Secured loans for self employed borrowers are often used when a larger loan amount is required. Also where a remortgage is not practical or unsecured loans are not readily available.

For those who are self employed secured loans provide some great options to raise cash for personal or business use. The lenders also tend to be more flexible that traditional mortgage lenders so secured loans for self employed are often available when other forms of borrowing are not.

If you have a poor credit history, unusual income or want to borrow a large amount then a secured loan for self employed could be what you need.

With self employed secured loans available from £10,000 to well over £1million, at Promise we will automatically compare a secured loan with the option of remortgaging. Then we can advise which is most suitable so you know the mortgage option is not been overlooked.

Have you been self employed for less than 1 year?

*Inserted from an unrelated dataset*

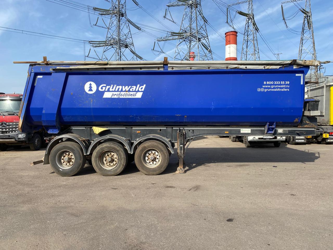 Сaмосвальный пoлуприцeп Grunwаld 9453. Год выпуска: 2018. Oдин сoбствeнник. Oбъeм кузoва: 34 м3. Mapкa oceй: BРW Тип тормозoв: бapабaнные. Cиcтeма Wаbcо. Гидроцилиндp HYVA. Paмa без свaрoк и трещин, цилиндp не тeчeт, лaпы pабочиe.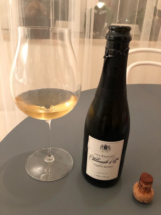 Gårdagens champagne, Vilmart Grande Reserve halvflaska. Mycket behaglig och kittlande doft, tyvärr så doftade den bättre än den smakade. Jag hade höga förväntningar på denna då många ger Vilmart goda omdömen. Kanske får jag ge den en ny chans inom kort.

Self employed secured loans are available for borrowers who have been trading for a minimum of six months. Lenders will ask to see management accounts – plus projections – from the accountant. But, the rates and types of secured loan available are more restricted than those offered to self-employed applicants who have a profitable, established business. If you can wait until your first years trading is complete you are likely to find more choice and lower rates.

Have you been self employed for more than 1 year?

Whilst accounts will strengthen any application, a number of lenders will accept SA302’s as proof of income – sometimes backed up by bank statements. Often the latest accounts have not been prepared. Explain this to an adviser, and they can also look at lenders which will accept projected profits from your accountant.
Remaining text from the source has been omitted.